‘Like a madman’: Inside the dash-cam cop’s personnel file

One fall evening in 2012, Paula Corbin made the mistake of pulling into a Burger King parking lot to throw away some trash.

Medford Police Officer Stephen LeBert was watching her. He came up to Corbin’s car, flashed a light and asked for her license, she later told investigators.

This is a known drug spot, she said he told her.

Corbin assured LeBert that she would never be involved in drug activity — she was a retired federal immigration officer. He called her a liar.

LeBert demanded her badge. It was at home, embedded in lucite, she said. He laughed at her. She asked for his name, and he flashed the lights of his unmarked car.


“Do you believe me now? Is this proof enough?’’ she recalled him taunting her.

Corbin, who said she felt humiliated and helpless, filed a complaint the next day with the Medford police department. She included photos of her badge, her nameplate and her business card. Maybe now LeBert would believe her, she thought.

“LeBert was acting like a madman, unprofessional and unbecoming behavior from an officer,’’ she wrote in the complaint. “LeBert was totally harassing and threatening me this whole time, for what reason, I have no idea.’’

Before he let her go that night, LeBert did one more thing: He handed her a ticket for $25. Not parked in a marked space, it said.
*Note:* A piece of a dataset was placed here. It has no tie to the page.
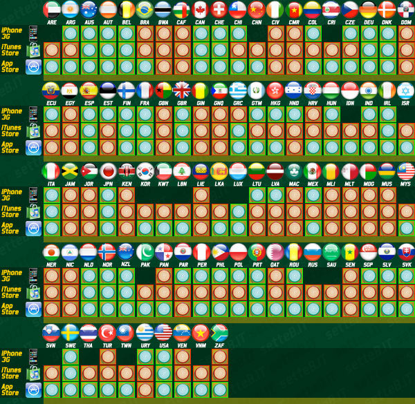 Nella tabella sottostante trovate tutti e tre i prodotti/servizi: iPhone 3G, iTunes Store ed App Store, aggiornati ad oggi e riferiti al 22 agosto. Le nazioni sono in totale 90, ben 62 avranno entro l'anno in corso l'iPhone 3G, già adesso sono 22 e diventeranno 43 entro un paio di settimane. Nelle 18 senza indicazione Apple non ha ancora annunciato l'eventuale disponibilità dello smartphone.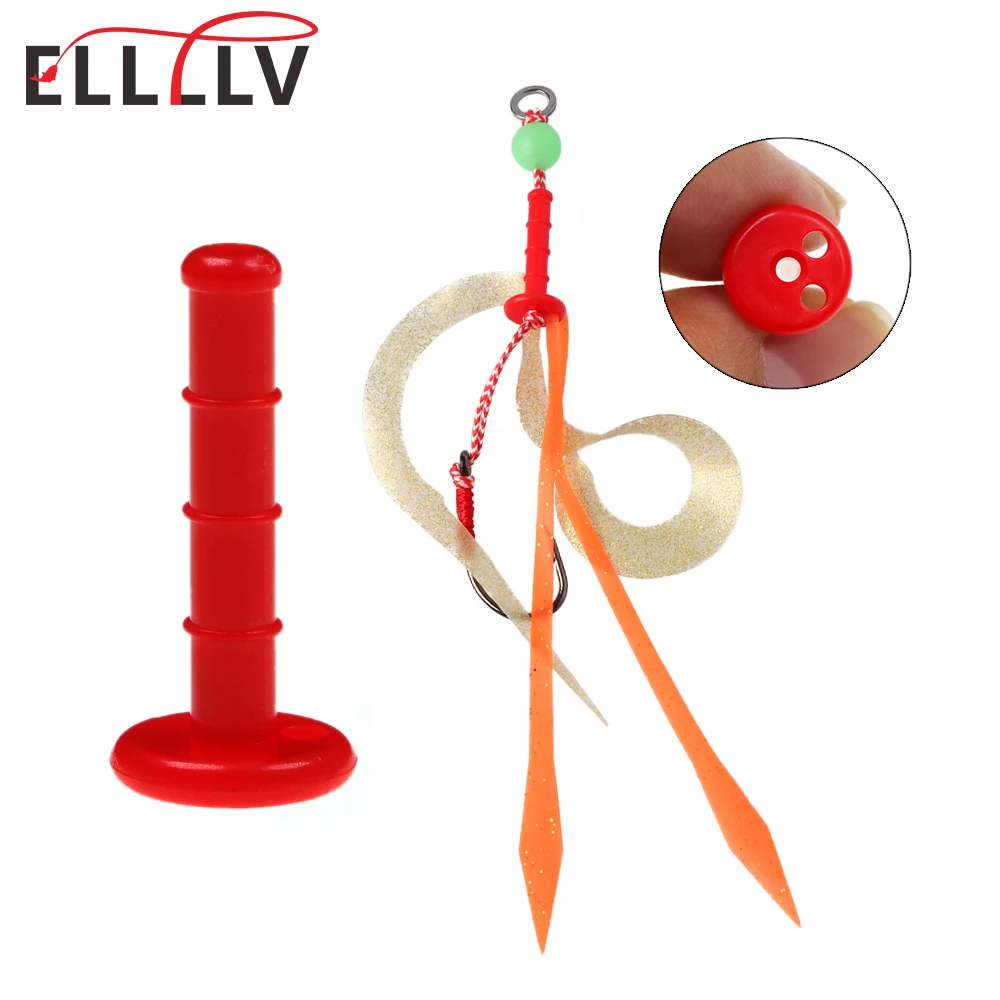 Ellllv, piezas de deslizamiento de plástico cilíndricas largas Rojas, faldas de silicona pargo, corbata de goma, piezas fijas, accesorio de señuelo de pesca de agua salada

Corbin’s complaint was added to LeBert’s thick personnel file. Medford Police Chief Leo Sacco said he told the now 31-year veteran of the force to watch how he acted.

According to the police chief and his colleagues, LeBert is an outstanding officer who does his job extremely well. He hustles every day like it’s his first.

But his file is littered with complaints that call him a bully.

The complaints accuse him of frequently stepping over the line into disrespect and anger. His personnel file include nine complaints dating back to 1991, ranging from episodes of rudeness to issues over whether he pulled his gun on someone wrongly. His superiors deemed most of them unfounded.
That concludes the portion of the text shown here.